May 19, 2014 12:00:41 am
After his sweeping and comprehensive victory that took the BJP to an unambiguous majority in Parliament, prime minister designate Narendra Modi has suggested that non-NDA parties may have to form an alliance of opposition. Modi is right in the sense that with these numbers, non-NDA parties will have to band together to make any minimal impact. This depletion of the opposition benches has some worrying elements. To begin with, out of 282 BJP MPs chosen from across India, there is not a single Muslim. Parties that have been seen to represent the concerns of the Muslims, lower castes and the poor have also been reduced in number.
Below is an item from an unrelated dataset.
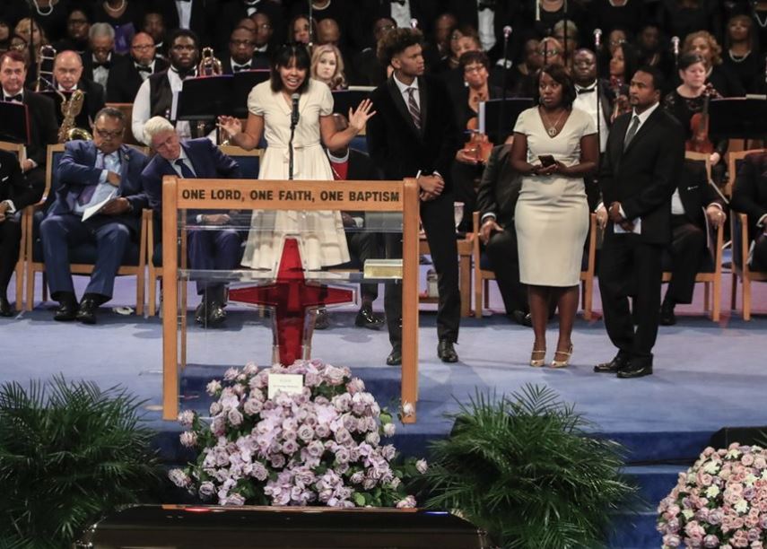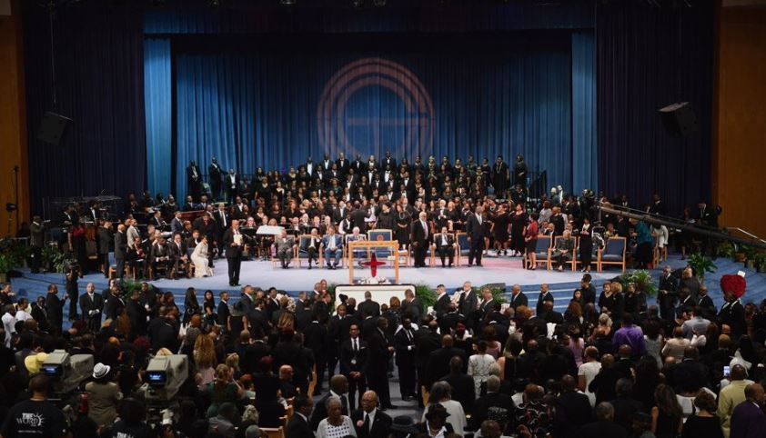 Η εκκλησία δονείτο από τη γκόσπελ μουσική και οι παρευρισκόμενοι φρόντισαν να τιμήσουν την Φράνκλιν με τον τρόπο που της έπρεπε: Τραγουδώντας και χτυπώντας παλαμάκια. «Εμπρός λοιπόν, εδώ τελείται λειτουργία, υψώστε τη φωνή σας», κάλεσε το πλήθος ο επίσκοπος Τσαρλς Έλις Γ’, ενώ η χορωδία και η ορχήστρα έπαιζαν όλο και πιο δυνατά πίσω του.

While the BJP triumph may have drawn from support across the spectrum, this Lok Sabha could be seen to be lopsided in terms of the formal equitable representation of all identities and interests.
The decisive quality of the mandate means that the opposition MPs that remain must ensure they play a responsible role in the House, making full use of the tools available to them. This does not mean paralysis of the kind witnessed in the 15th Lok Sabha, nor is that situation possible — with the numbers at its command, the government will not need to wheedle the opposition to push its legislative agenda, and the opposition will not be able to veto bills easily. But that should lead to a renewal of parliamentary debate, not a turning away from it to express grievance and disagreement in easier and less demanding arenas such as television or on the streets.
It is crucial that the legislature performs its duty of holding the executive to account, without trying to stymie sensible initiatives. While partisanship and competition do indeed drive politics, opposition parties must not destabilise Parliament, which is the one forum to extract answers, reconcile contradictions and forge consensus. Putting away the bitterness of a polarised election, they must also cooperate with the government on areas where there is common ground and an overlapping sense of the public interest.